As a publisher, we work to bring a variety of great books to readers, in a variety of formats and prices. We know by experience that there is not one appropriate price for all ebooks, and that all ebooks do not belong in the same $9.99 box. Unlike retailers, publishers invest heavily in individual books, often for years, before we see any revenue. We invest in advances against royalties, editing, design, production, marketing, warehousing, shipping, piracy protection, and more. We recoup these costs from sales of all the versions of the book that we publish—hardcover, paperback, large print, audio, and ebook. While ebooks do not have the $2-$3 costs of manufacturing, warehousing, and shipping that print books have, their selling price carries a share of all our investments in the book.

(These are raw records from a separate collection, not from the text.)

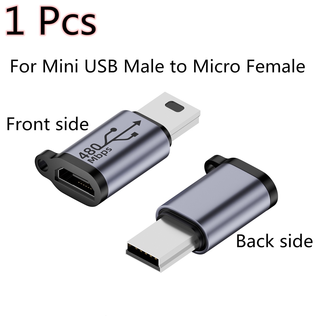 1 Pcs 480Mbps Aluminum Alloy Mini Adapter Micro USB/Mini USB/8-Pin to Micro/Type C Male to Female Connector Converter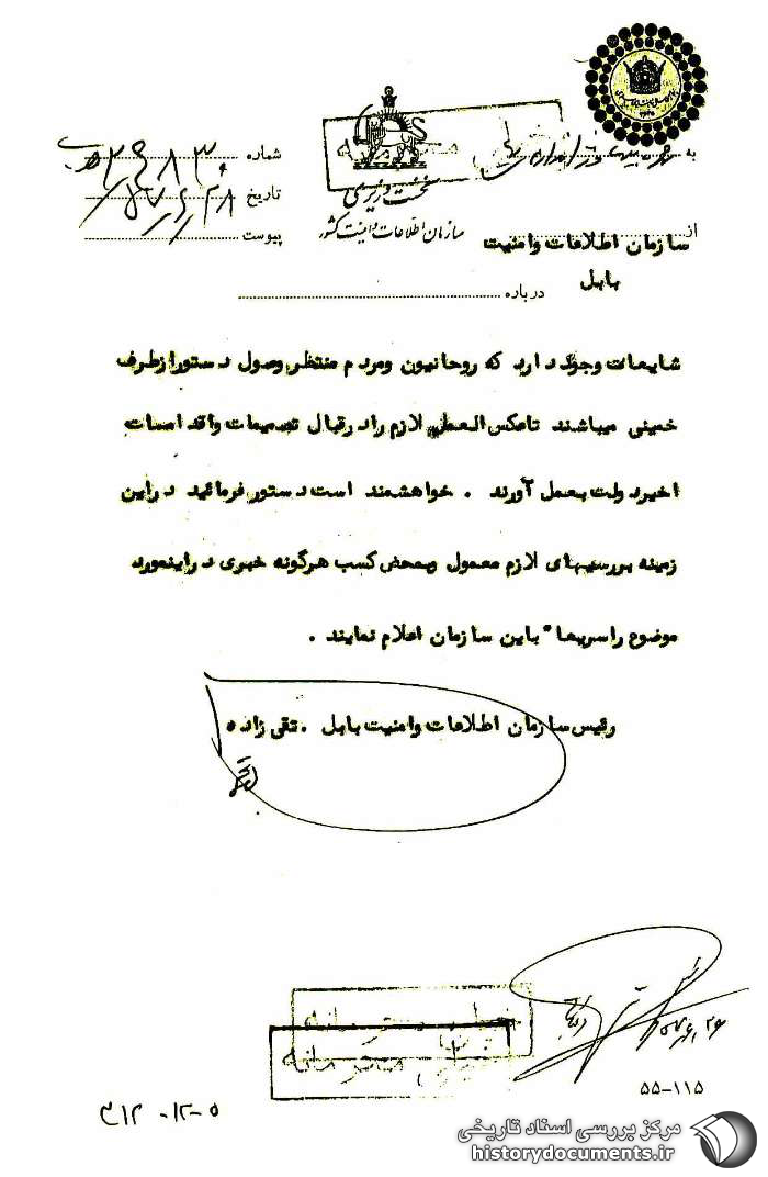 شایعات وجود دارد که روحانیون و مردم منتظر وصول دستور از طرف خمینی میباشند تا عکسالعمل لازم را در قبال تصمیمات و اقدامات اخیر دولت به عمل آورند. خواهشمند است دستور فرمائید در این زمینه بررسیهای لازم معمول و به محض کسب هرگونه خبری در این مورد موضوع را سریعاً به این سازمان اعلام نمایند.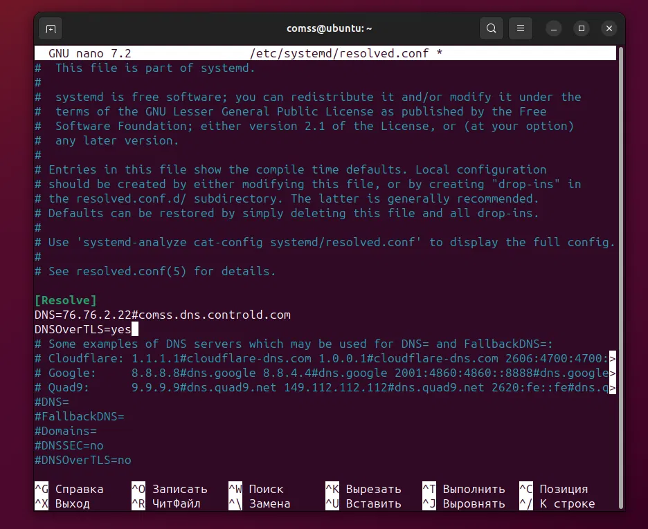 В качестве ручной, самостоятельной, установки и настройки Comss.one DNS вы можете воспользоваться службой systemd-resolved, которая поддерживает протокол DNS-Over-TLS. Выполните следующие команды: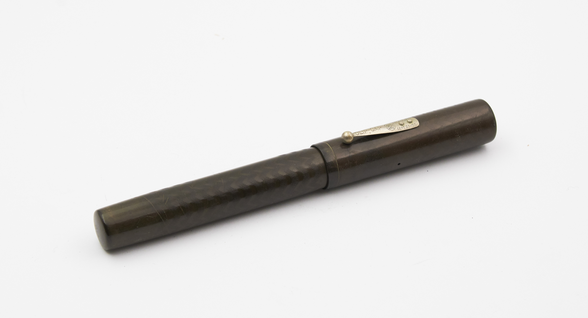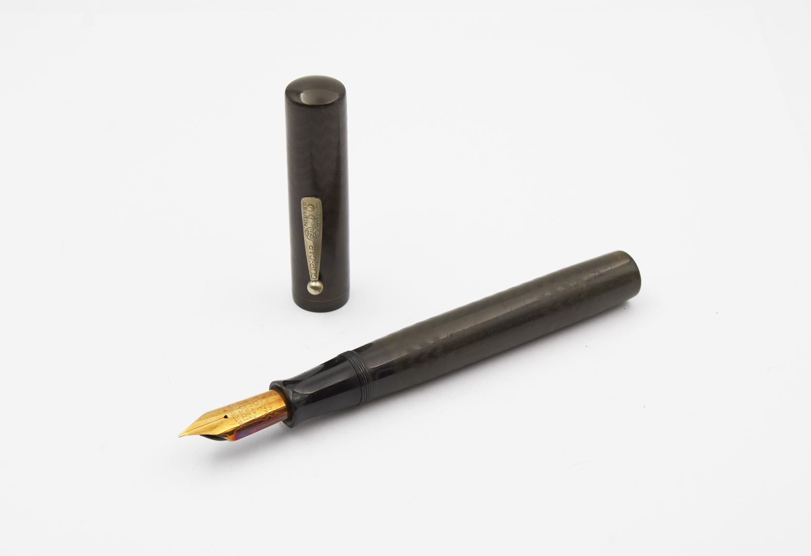 Signed gold n. 10 nib, eyedropper filling, chased ebonite barrel, Clip-Cap clip.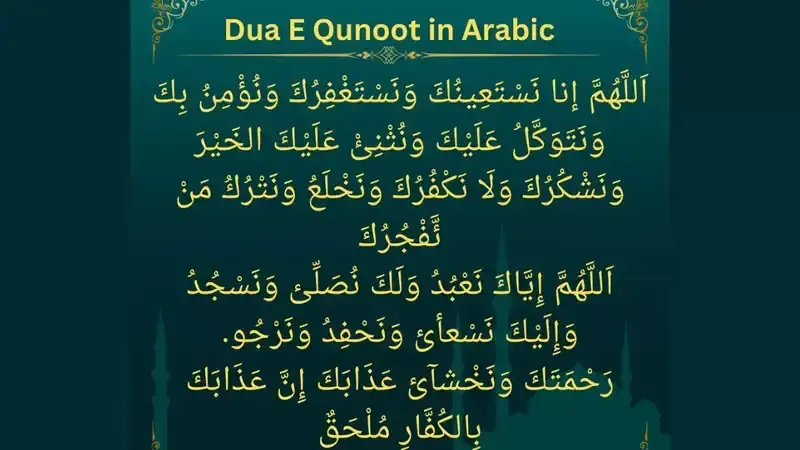 अल्लाहुम्मा इन्ना नस्तइनु क व नस्तग्फिरूक व नुअमिनु बि क व न तवक्कलु अलैक व नुस्नी अलैकल खैर व नशकुरुक वला नक्फुरू क व नख लओ व नतरूकु मंय्यफ्जुरू क अल्लाहुम्म इय्या क नअबुदू व लका नुसल्ली व नस्जुदू व इलैक नसआ व नहफिदु व नरजु रहमत क व नख्शा अजा इन्न अजा ब क बिल कुफ्फारि मुल्हिक

This dispute started because Amazon is seeking a lot more profit and even more market share, at the expense of authors, bricks and mortar bookstores, and ourselves. Both Hachette and Amazon are big businesses and neither should claim a monopoly on enlightenment, but we do believe in a book industry where talent is respected and choice continues to be offered to the reading public.

Once again, we call on Amazon to withdraw the sanctions against Hachette’s authors that they have unilaterally imposed, and restore their books to normal levels of availability. We are negotiating in good faith. These punitive actions are not necessary, nor what we would expect from a trusted business partner.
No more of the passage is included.